◆ **Directions for this task**: An exact transcript is required of the lines below, from the one containing "キッズスペースは各ブースの真" through the very last; leave every picture out of it.

◆ **Given information**:
+ + + + +

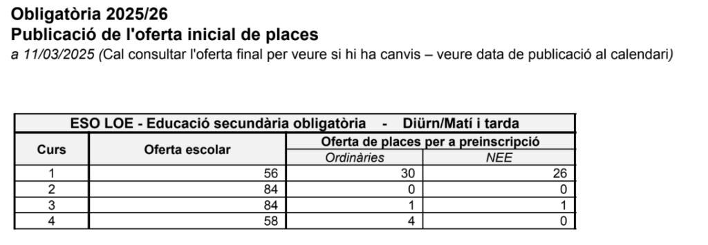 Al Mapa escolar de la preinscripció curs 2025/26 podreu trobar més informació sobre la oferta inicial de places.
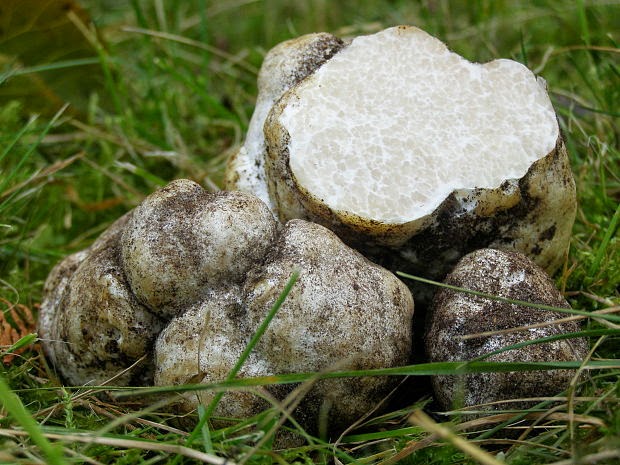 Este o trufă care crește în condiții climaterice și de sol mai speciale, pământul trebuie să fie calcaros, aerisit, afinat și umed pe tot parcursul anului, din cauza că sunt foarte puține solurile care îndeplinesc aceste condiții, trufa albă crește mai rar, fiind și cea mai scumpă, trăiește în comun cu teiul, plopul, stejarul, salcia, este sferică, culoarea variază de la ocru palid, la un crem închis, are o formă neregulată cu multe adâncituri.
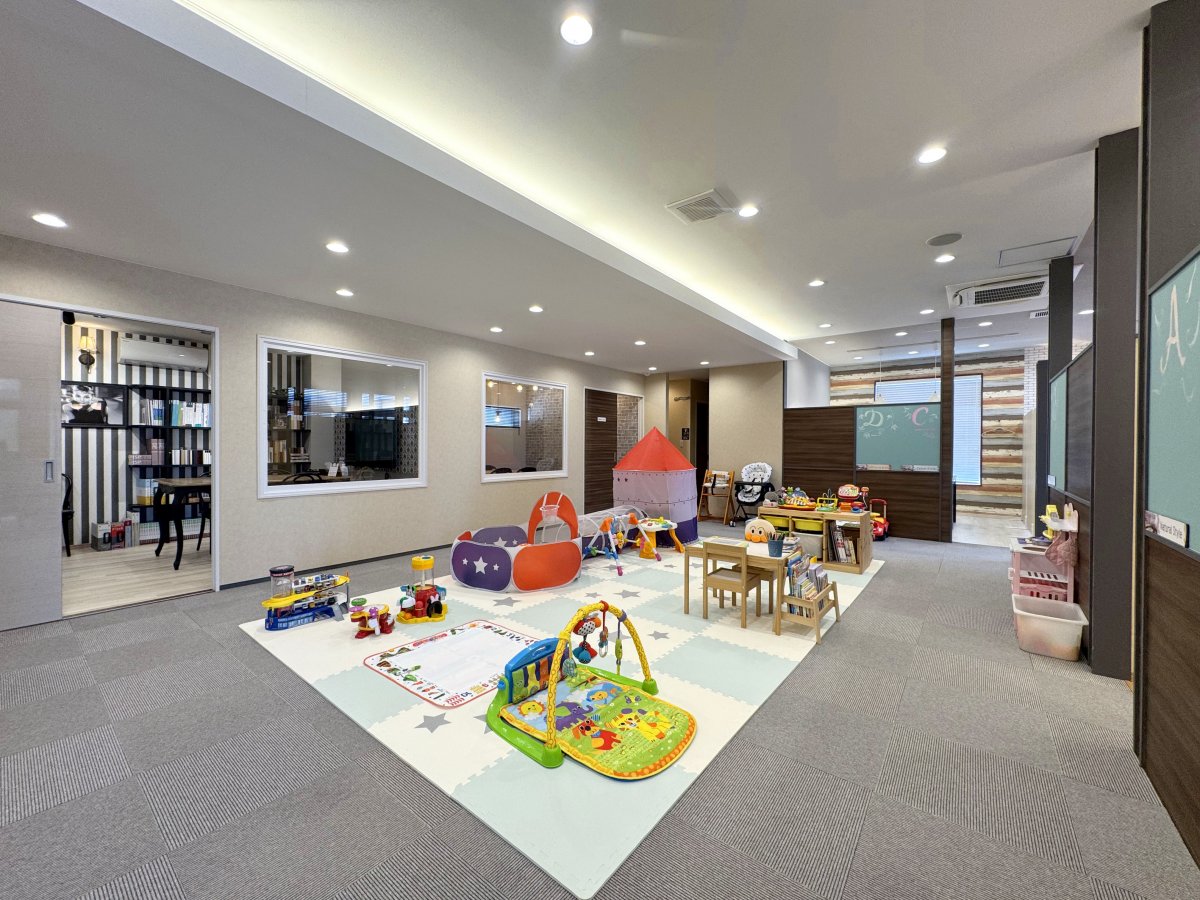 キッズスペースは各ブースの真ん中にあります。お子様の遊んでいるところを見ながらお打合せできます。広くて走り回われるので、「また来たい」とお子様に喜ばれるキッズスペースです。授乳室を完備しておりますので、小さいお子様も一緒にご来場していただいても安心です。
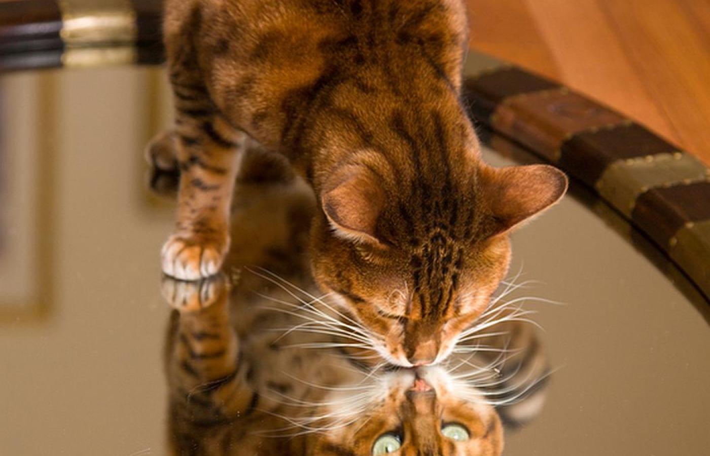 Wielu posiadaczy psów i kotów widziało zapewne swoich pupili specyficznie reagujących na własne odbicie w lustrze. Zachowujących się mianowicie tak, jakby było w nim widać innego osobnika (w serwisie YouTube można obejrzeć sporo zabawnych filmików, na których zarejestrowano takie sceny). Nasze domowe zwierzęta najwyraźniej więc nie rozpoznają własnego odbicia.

+ + + + +

◆ **Your solution**:
 キッズスペースは各ブースの真ん中にあります。お子様の遊んでいるところを見ながらお打合せできます。広くて走り回われるので、「また来たい」とお子様に喜ばれるキッズスペースです。授乳室を完備しておりますので、小さいお子様も一緒にご来場していただいても安心です。
 Wielu posiadaczy psów i kotów widziało zapewne swoich pupili specyficznie reagujących na własne odbicie w lustrze. Zachowujących się mianowicie tak, jakby było w nim widać innego osobnika (w serwisie YouTube można obejrzeć sporo zabawnych filmików, na których zarejestrowano takie sceny). Nasze domowe zwierzęta najwyraźniej więc nie rozpoznają własnego odbicia.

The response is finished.